_THE PROBLEM_. Find the line below with "Oh María, Madre" and the line with "Μονόχρωμα cowboy μποτάκια". Output them and the lines between, exactly, but not the pictures.

_SUPPLIED ENTRIES_.
________________________________________

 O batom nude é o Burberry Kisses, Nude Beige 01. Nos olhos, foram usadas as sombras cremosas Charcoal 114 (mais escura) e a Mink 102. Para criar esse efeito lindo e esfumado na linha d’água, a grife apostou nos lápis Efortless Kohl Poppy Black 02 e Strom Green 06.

________________________________________

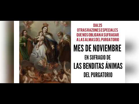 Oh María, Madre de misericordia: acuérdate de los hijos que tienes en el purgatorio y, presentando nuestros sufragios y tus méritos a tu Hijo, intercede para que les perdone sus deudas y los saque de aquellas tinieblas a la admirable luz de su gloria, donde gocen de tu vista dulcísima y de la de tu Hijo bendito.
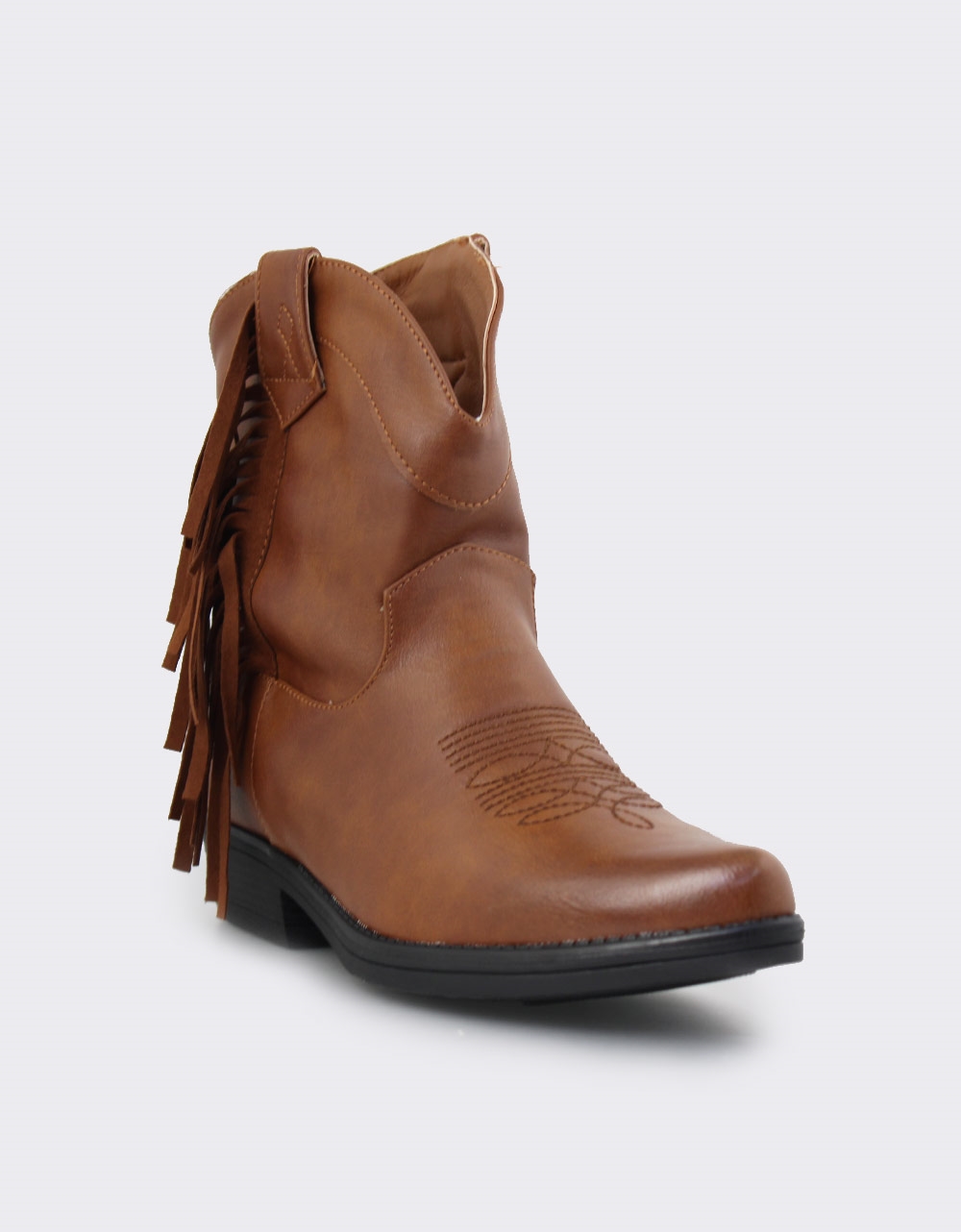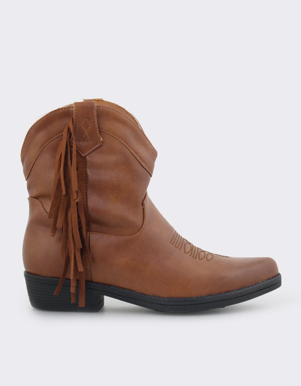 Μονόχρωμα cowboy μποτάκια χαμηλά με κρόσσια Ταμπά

________________________________________

_SOLVED PROBLEM_.
 Oh María, Madre de misericordia: acuérdate de los hijos que tienes en el purgatorio y, presentando nuestros sufragios y tus méritos a tu Hijo, intercede para que les perdone sus deudas y los saque de aquellas tinieblas a la admirable luz de su gloria, donde gocen de tu vista dulcísima y de la de tu Hijo bendito.
 Μονόχρωμα cowboy μποτάκια χαμηλά με κρόσσια Ταμπά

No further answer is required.